Uruguayan dyke swarms
| Name | Intruded terrane | Age | Lithology | Strike |
|---|---|---|---|---|
| Florida dyke swarm | Piedra Alta Terrane | 1.790 ± 5 Ga | Basaltic andesite, andesite | NE-SW, E-W and NW-SE |
| Nico Perez dyke swarm | Nico Perez Terrane | ca. 0.750 Ga | Basalt, basaltic andesite | NNE-SSW |
| Treinta y Tres dyke swarm | Cuchilla-Dionisio terrane | ca. 0.750 Ga | Basalt | NNE-SSW |

==Florida dyke swarm==
The Florida dyke swarm (also known as Piedra Alta dyke swarm and Uruguayan dyke swarm) crops out in the Piedra Alta Terrane of Río de la Plata Craton west of Sarandí del Yí Shear Zone. The strike of the dykes has an arcuate pattern: it changes from west to east from NE-SW to E-W and then near the shear zone to NW-SE. The Florida dykes have dips between 90° and 70°. Common thicknesses are of 20-30 m, with occasional dykes reaching thicknesses of 50 m and 80 m and the smaller dykes being 0.5 m. The dykes are made up of basaltic andesite and andesite of the tholeiitic magma series. The andesites have higher titanium dioxide contents and are usually darker and more massive, two characteristics that make them more valuable as decorative stone. The basalts instead have lower titanium dioxide contents and grey colors. The dykes made up of basalt might be slightly younger than the andesite dykes.

Despite having some characteristics similar to those of igneous rocks formed near subduction zones, the Florida dyke swarm rocks are unlikely to have formed in such environment. Instead, the magma that formed the dykes is thought to be derived from the partial melting of garnet peridotite in a parcel of the Earth's mantle that was metasomatized without the direct influence of subduction. These dykes are of Late Paleoproterozoic age. Nearby rapakivi granites of the Illescas Batholith are related to the dyke swarm. By the time of intrusion of the Florida dyke swarm, Piedra Alta Terrane was experiencing extensional tectonics.

==Nico Perez dyke swarm==
Tholeiitic basalt and basaltic andesite are the main rock types of Nico Perez dyke swarm. Before solidifying as dykes the magmas fractionated minerals at relatively shallow (upper crust) magma chambers. The dykes of the swarm have geochemical heterogeinities that indicate they did not originate from the same magmas. Despite having geochemical characteristics typical of subduction zone magmatism the dykes are judged unlikely to have formed in such environment and are instead considered an example of intraplate magmatism.

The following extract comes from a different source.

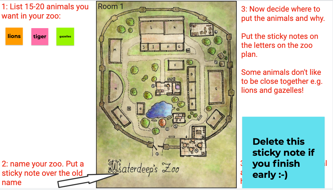 • The stages of the task are indicated on the Jamboard frame above: 1) students first brainstorm 15-20 animals they might or would like to find in a zoo (feel free to let students pick extinct or fantasy animals if this motivates them further). They can then imagine the relationships between the animals – which would live near each other with no problem? Which should be put in different parts of the zoo and why?
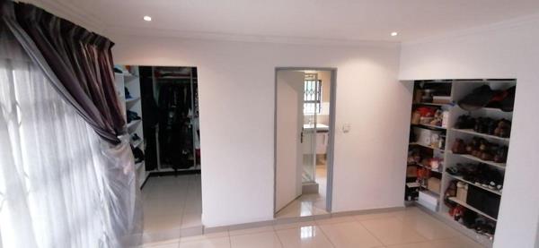 Upstairs, the home continues to impress with a cozy TV room that leads to the main en-suite bedroom, which features a walk-in closet, shower, basin, and toilet. There is another bedroom with built-in cupboards, a separate toilet with a basin, and an additional bedroom with built-in cupboards and a balcony overlooking the garage.

==Treinta y Tres dyke swarm==
The Treinta y Tres dyke swarm intrude Brasiliano Cycle granitoids that crop out east of Sierra Ballena Shear Zone. The dykes are about 750 million years old (Neoproterozoic). Compared to the two other Uruguayan dyke swarms the Treinta y Tres dyke swarm originated from lower degrees of partial melting in the mantle, but of similar garnet peridotite sources.